- **What to produce**:
The task calls for every entry to be printed word for word, without the images.

- **Records for processing**:

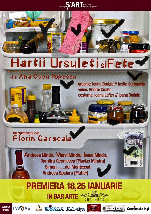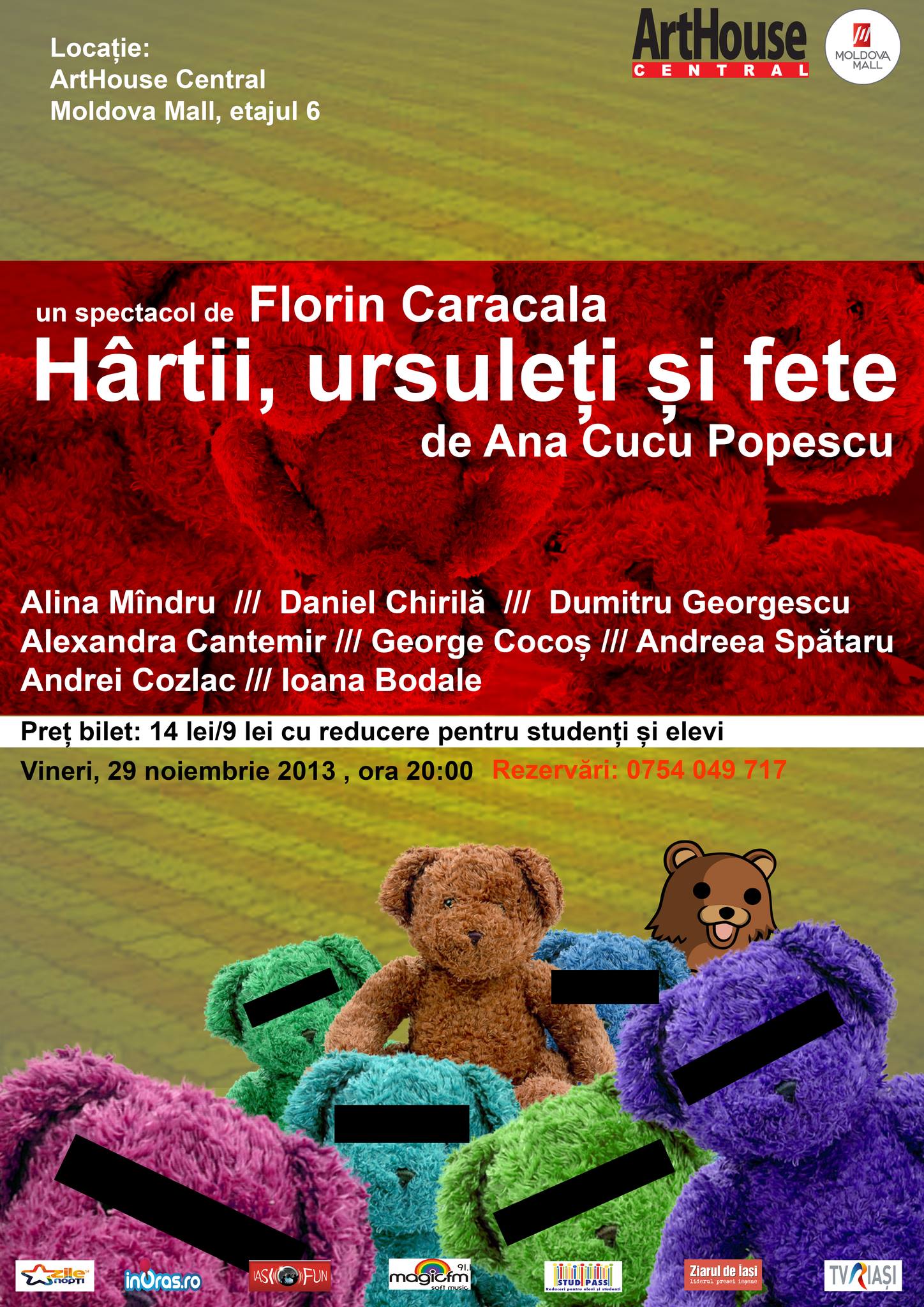 Asociatia S’ART prezinta miercuri, 18 ianuarie 2012, de la ora 20:00, premiera spectacolului Hartii, ursuleti si fete de Ana Cucu Popescu, in regia lui Florin Caracala. Evenimentul va avea loc la Bar Arte, strada Horia nr. 8, la care pretul va fi de 15 lei. Cea de-a doua reprezentatie va avea loc in data de 25 ianuarie, biletul urmand sa coste doar 10 lei. Spectacolul se joaca din nou joi, 10 ianuarie 2013, de la aceeasi ora si in acelasi loc. Update: spectacolul se joaca pe 29 noiembrie la ArtHouse Central, si vineri, 14 martie 2014, la Cafepedia Iasi, de la aceeasi ora, cu niste modificari in distributia initiala, Daniel Chirila alaturandu-se echipei.
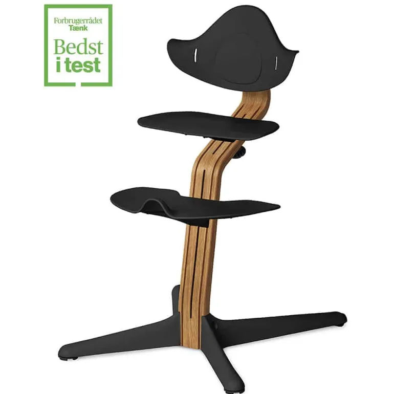 Når barnet selv kan kravle op og ned, tages Nomi Mini af. Sæde og fodplade justeres trinløst i takt med, at barnet vokser. Stammens form sikrer, at dybden på sæde og fodplade automatisk tilpasses. Den åbne konstruktion inspirerer til fri bevægelse og gør det nemt for barnet at komme op og ned, samt trække sig ind og ud fra bordet.
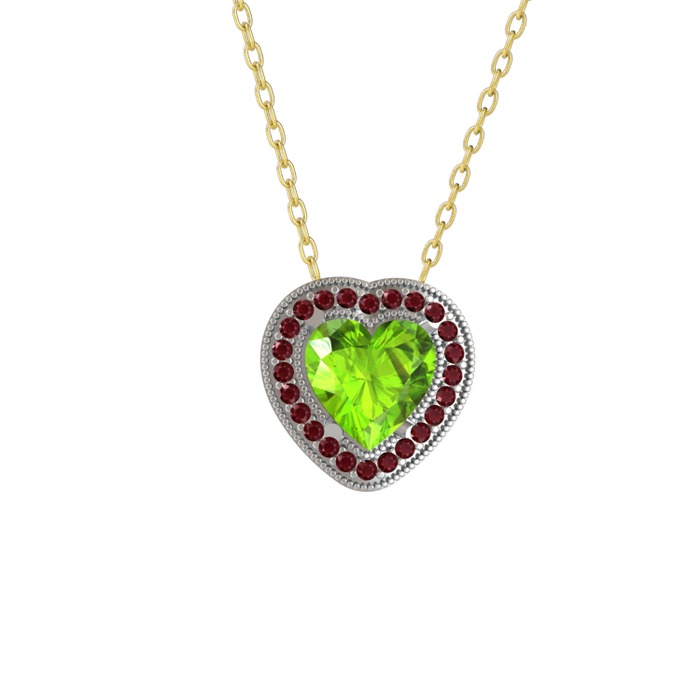 Peridot ve kök yakut 925 ayar gümüş kolye (40 cm altın rolo zincir)
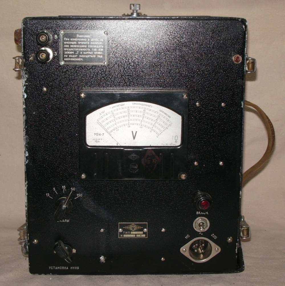 пяти шкалах: 0-1.5; 0-5; 0-15; 0-50 и 0-150 В. Погрешность прибора 3% от
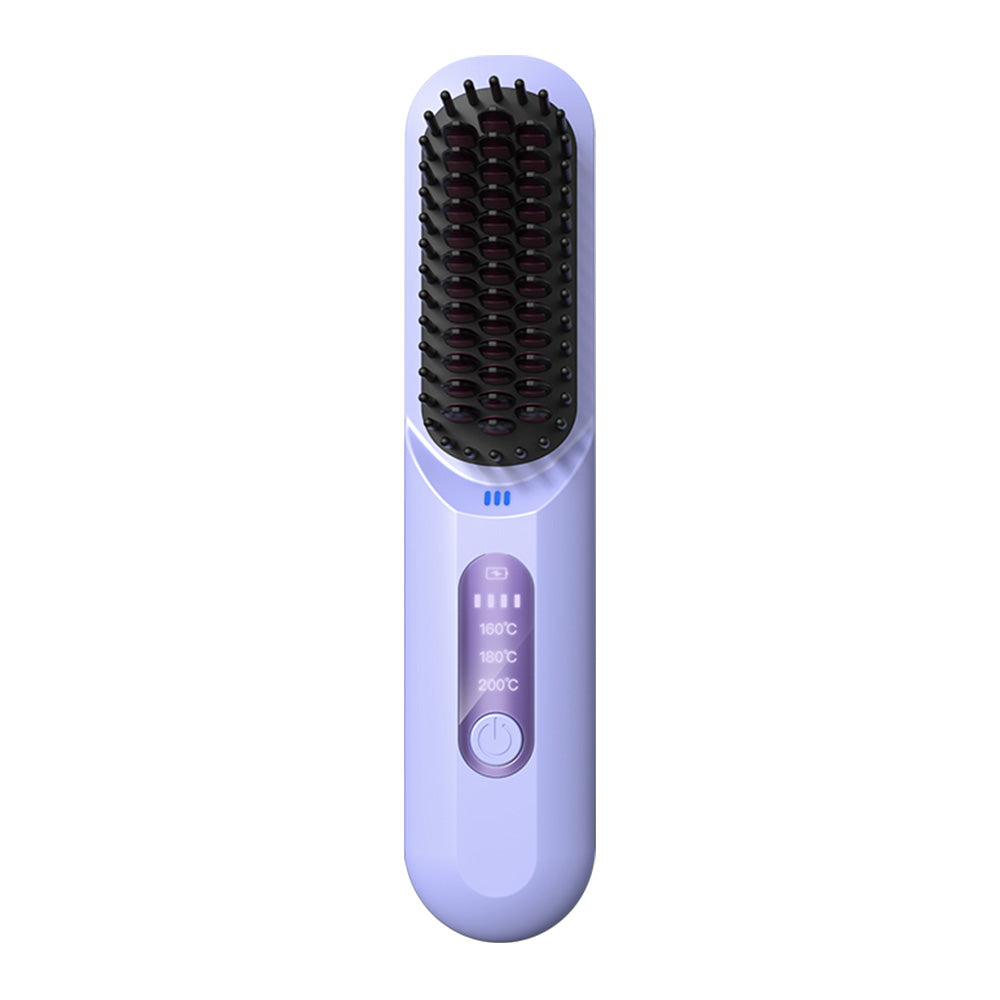 Cordless Hair Straightener Brush Mini Anion Hot Straightener Comb with LED Display Purple
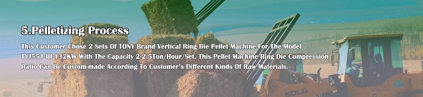 6. Main Machine:Straw Cutter,Hammer Mill,Soil Removel Screener- Rotary Drum Dryer,TONY Pellet MachineTYJ551-Ⅲ-132KW,Pellets Cooler,Packing Machine And Belt Conveyors
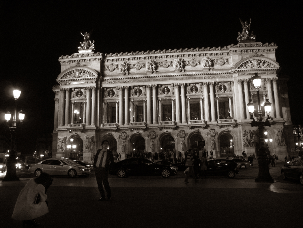 Compared to anything American, Paris is small. You can walk almost anywhere inside the Peripherique, and all the familiar signposts of the city are visible — Montmartre lit by floodlights on the hill, the Eiffel Tower turned into a fireworks display, the Palais Garnier pinned down by its own lights in the darkened city. paris night 14x
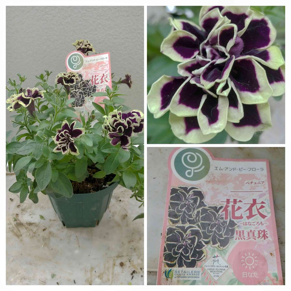 花衣シリーズの八重咲きのベチュニアで、今年初めて黒真珠をお迎えしました。
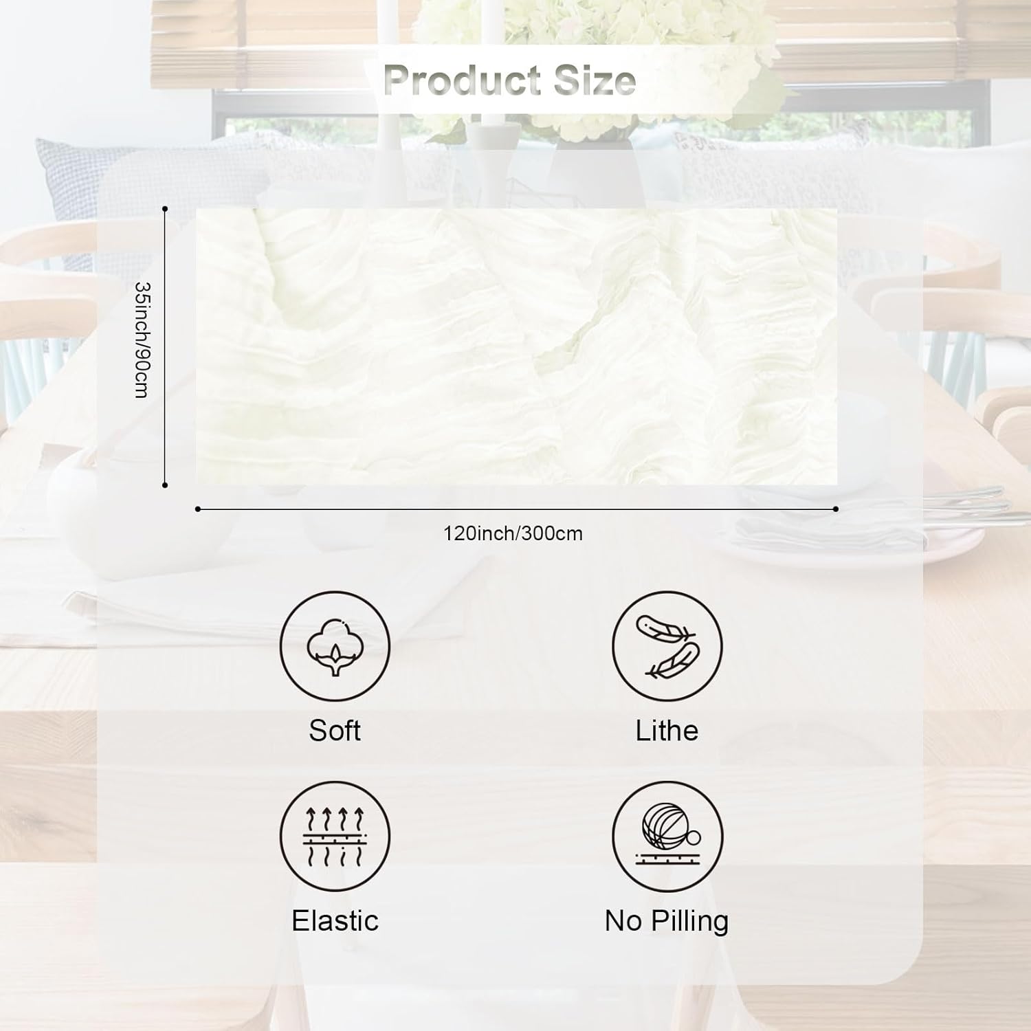 - Suitable Occasions: Whether it's a comfortable family dinner, decorations for bridal shower, baby shower, or garden party, our cheese cloth table runner is perfect decoration for every occasion. They add a touch of charm and sophistication to any table setting, creating a welcoming and inviting atmosphere.

- **The completed task**:
 Asociatia S’ART prezinta miercuri, 18 ianuarie 2012, de la ora 20:00, premiera spectacolului Hartii, ursuleti si fete de Ana Cucu Popescu, in regia lui Florin Caracala. Evenimentul va avea loc la Bar Arte, strada Horia nr. 8, la care pretul va fi de 15 lei. Cea de-a doua reprezentatie va avea loc in data de 25 ianuarie, biletul urmand sa coste doar 10 lei. Spectacolul se joaca din nou joi, 10 ianuarie 2013, de la aceeasi ora si in acelasi loc. Update: spectacolul se joaca pe 29 noiembrie la ArtHouse Central, si vineri, 14 martie 2014, la Cafepedia Iasi, de la aceeasi ora, cu niste modificari in distributia initiala, Daniel Chirila alaturandu-se echipei.
 Når barnet selv kan kravle op og ned, tages Nomi Mini af. Sæde og fodplade justeres trinløst i takt med, at barnet vokser. Stammens form sikrer, at dybden på sæde og fodplade automatisk tilpasses. Den åbne konstruktion inspirerer til fri bevægelse og gør det nemt for barnet at komme op og ned, samt trække sig ind og ud fra bordet.
 Peridot ve kök yakut 925 ayar gümüş kolye (40 cm altın rolo zincir)
 пяти шкалах: 0-1.5; 0-5; 0-15; 0-50 и 0-150 В. Погрешность прибора 3% от
 Cordless Hair Straightener Brush Mini Anion Hot Straightener Comb with LED Display Purple
 6. Main Machine:Straw Cutter,Hammer Mill,Soil Removel Screener- Rotary Drum Dryer,TONY Pellet MachineTYJ551-Ⅲ-132KW,Pellets Cooler,Packing Machine And Belt Conveyors
 Compared to anything American, Paris is small. You can walk almost anywhere inside the Peripherique, and all the familiar signposts of the city are visible — Montmartre lit by floodlights on the hill, the Eiffel Tower turned into a fireworks display, the Palais Garnier pinned down by its own lights in the darkened city. paris night 14x
 花衣シリーズの八重咲きのベチュニアで、今年初めて黒真珠をお迎えしました。
 - Suitable Occasions: Whether it's a comfortable family dinner, decorations for bridal shower, baby shower, or garden party, our cheese cloth table runner is perfect decoration for every occasion. They add a touch of charm and sophistication to any table setting, creating a welcoming and inviting atmosphere.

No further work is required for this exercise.